Brand of chocolate bar

Mimi Chocolate was a Bangladeshi brand of chocolate bar and chewing gum manufactured by Mimi Chocolate Ltd. It was introduced in Bangladesh in 1965. The company's chocolate products were first available in the country, so Mimi Chocolate was the first chocolate brand in Bangladesh. It had monopoly market in chocolate bar industry of Bangladesh.

==History==
It was established on 4046.856 square meter industrial plot. After the independence of Bangladesh, Bangladesh Freedom Fighter Welfare Trust acquired Mimi Chocolate Limited which was situated in Tejgaon Industrial Area. Mimi Chocolate was successful in business because in that time there was a few chocolate brand in Bangladesh. There was less chance to import foreign chocolate products. That's why for 18 years Mimi Chocolate was popular chocolate brand. In 1990s, Mimi used to sell chocolate bars and chewing gum with an annual value of at least Tk 6 crore.

==Product==
As products, Mimi sold chocolate bars and chewing gum. The chocolate bars were packaged in brown paper.

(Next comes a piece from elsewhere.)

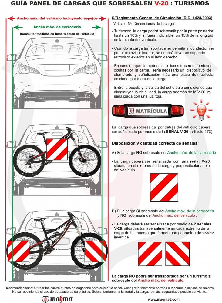 Concebida para señalizar el transporte de cargas y bicicletas cuando sobresalgan por la parte posterior de nuestro vehículo, cumpliendo con el Reglamento General de Circulación (R.D. 1428/2003).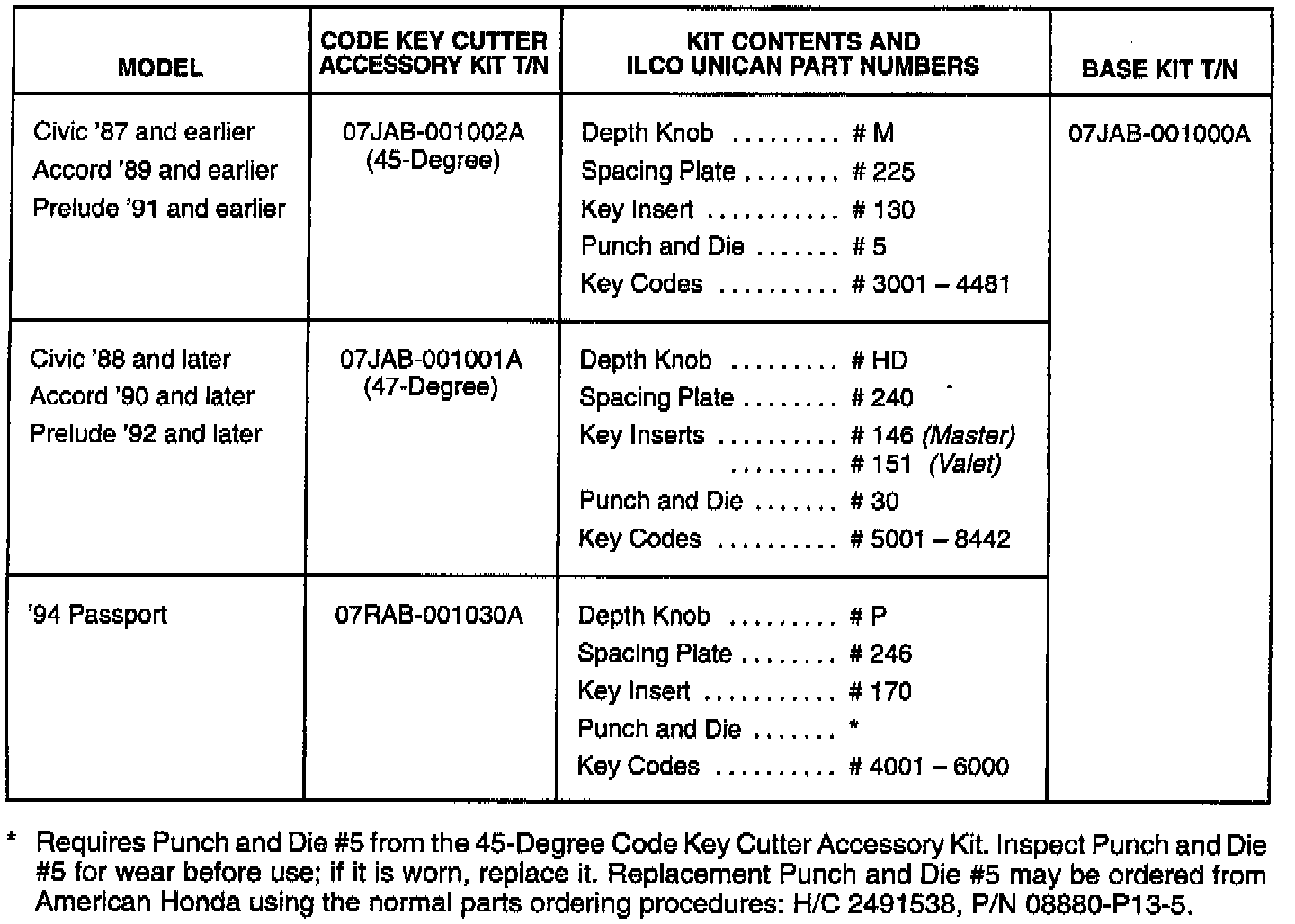 ^ The Exacta Code Key Cutter Base Kit and Accessory Kits are available from American Honda using your normal parts ordering procedures. The kits will be shipped to you directly from the manufacturer. If you need to order individual replacement parts, or if items are missing from your shipment, contact IIco Unican Co. at (800) 334-1381, and ask for the American Honda sales representative. Refer to the Application Chart for IIco Unican part numbers.

There were two flavours of Mimi chocolate bar:
- Milk flavour
- Orange flavour

==Advertising==
A TV commercial of Mimi Chocolate was broadcast in BTV, which was the only television of that time. The promotional activity of Mimi Chocolate was quite weak. They did not intensify their promotional activities because of less competitors.

==Discontinuation==
17 years later, the company started to collapse due to many issues. The difference between the price of the product and its cost gradually decreases for its outdated machines. In 2000 its difference went to highest point. In 2009, Its operational activities were stopped but opened again. But it couldn’t cope up with competitors and solve its issues. In 2018, Mimi Chocolate Limited was closed permanently.